*** Opening of RECORDED DATA ***

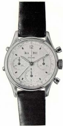
エニカ シェルバ グラフ ディテイト 商品番号 EG-11-129 35mm 秒測計 分積計 時積計 セコンド付 月・曜日・カレン ダー及時進計付 防水割 耐震耐磁耐熱装置付 S/S ¥52,000

この頁以降に掲載されている時計にはすべて一年間新品交換保証と盗難火災保険保証がつけられて居ります。御買上げ後一ケ年以内に万一機械が故障したり、盗難又は火災の被害を受けられた時は同種類の新品と交換又は補償いたします。
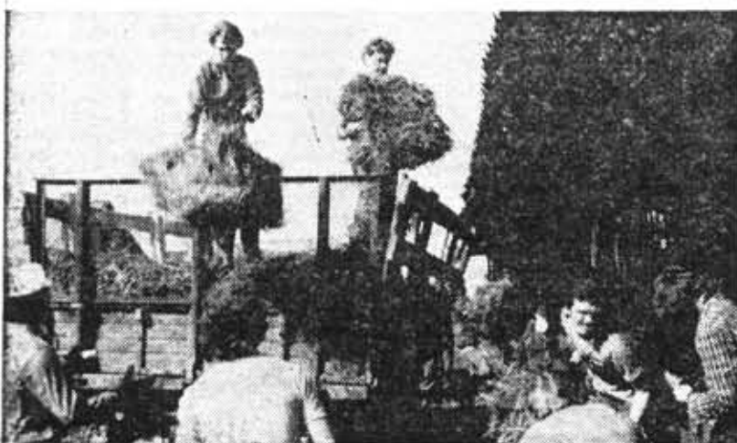
Из фотолетописи ССО ЛИТМО.

Кроме того, ученые ЛИТМО выступали с докладами на заводах, широко практиковались консультации для работников промышленности. В сентябре 1944 года институт начал перебазирование обратно в Ленинград. П. МАКЕЕВ
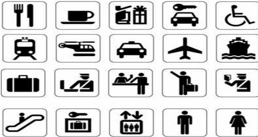
चित्र 3: आधुनिक चित्र संप्रेषण चिन्ह

जो चर्चा हमें बाद में करनी चाहिए थी वह अभी करना जरूरी हो रहा है। बात यह है कि चित्र के माध्यम से संप्रेषण लिपि के विकास की शुरुआत तो है पर शुद्ध लिपि के विकास के बाद भी हमने चित्र पद्धति का प्रयोग बंद नहीं किया है। आज भी राष्ट्रीय राजमार्गों पर सार्वजनिक स्थलों जैसे कि रेलवे स्टेशन, विमानपत्तन पर चित्र के माध्यम से संप्रेषण किया जाता है(चित्र 3)। इसका कारण है कि चित्रों के माध्यम से संप्रेषण में भ्रम की सम्भावना कम से कम होती है।
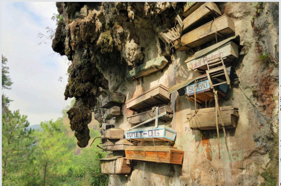
Cercueils aériens aux Philippines

Aux Philippines , dans le village de Sagada, les cercueils sont suspendus sur le flanc de la falaise. Cela permettrait de faciliter le transfert de l'âme au ciel, mais aussi de laisser les morts reposer en paix, à l'abri des animaux, en profitant du vent et du soleil.
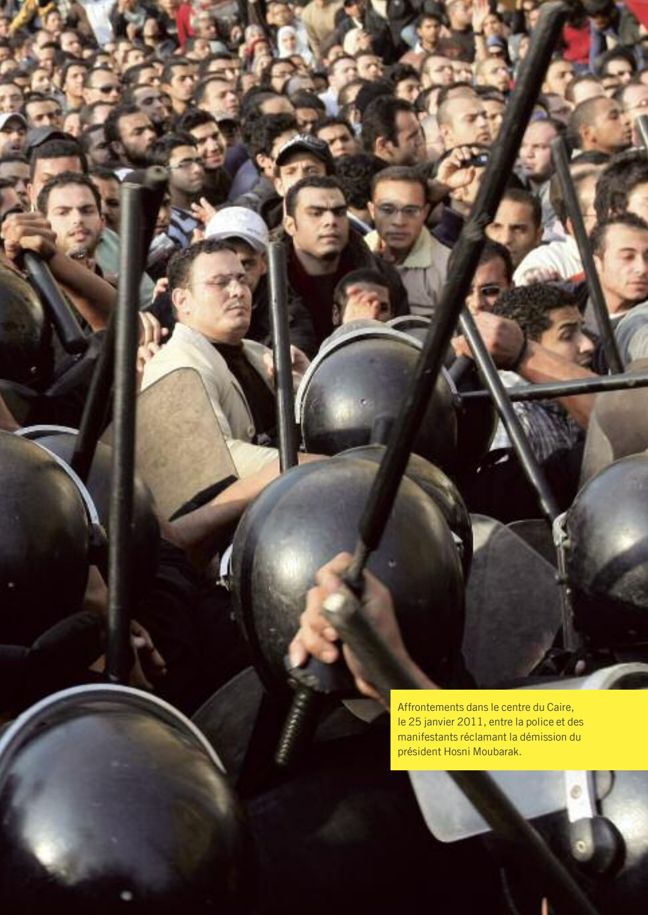
Affrontements dans le centre du Caire, le 25 janvier 2011, entre la police et des manifestants réclamant la démission du président Hosni Moubarak.

*** Close of RECORDED DATA ***

**EXERCISE OBJECTIVE:** Reproduce the data above word for word and omit the images.

**FINISHED EXERCISE:**
エニカ シェルバ グラフ ディテイト 商品番号 EG-11-129 35mm 秒測計 分積計 時積計 セコンド付 月・曜日・カレン ダー及時進計付 防水割 耐震耐磁耐熱装置付 S/S ¥52,000

この頁以降に掲載されている時計にはすべて一年間新品交換保証と盗難火災保険保証がつけられて居ります。御買上げ後一ケ年以内に万一機械が故障したり、盗難又は火災の被害を受けられた時は同種類の新品と交換又は補償いたします。
Из фотолетописи ССО ЛИТМО.

Кроме того, ученые ЛИТМО выступали с докладами на заводах, широко практиковались консультации для работников промышленности. В сентябре 1944 года институт начал перебазирование обратно в Ленинград. П. МАКЕЕВ
चित्र 3: आधुनिक चित्र संप्रेषण चिन्ह

जो चर्चा हमें बाद में करनी चाहिए थी वह अभी करना जरूरी हो रहा है। बात यह है कि चित्र के माध्यम से संप्रेषण लिपि के विकास की शुरुआत तो है पर शुद्ध लिपि के विकास के बाद भी हमने चित्र पद्धति का प्रयोग बंद नहीं किया है। आज भी राष्ट्रीय राजमार्गों पर सार्वजनिक स्थलों जैसे कि रेलवे स्टेशन, विमानपत्तन पर चित्र के माध्यम से संप्रेषण किया जाता है(चित्र 3)। इसका कारण है कि चित्रों के माध्यम से संप्रेषण में भ्रम की सम्भावना कम से कम होती है।
Cercueils aériens aux Philippines

Aux Philippines , dans le village de Sagada, les cercueils sont suspendus sur le flanc de la falaise. Cela permettrait de faciliter le transfert de l'âme au ciel, mais aussi de laisser les morts reposer en paix, à l'abri des animaux, en profitant du vent et du soleil.
Affrontements dans le centre du Caire, le 25 janvier 2011, entre la police et des manifestants réclamant la démission du président Hosni Moubarak.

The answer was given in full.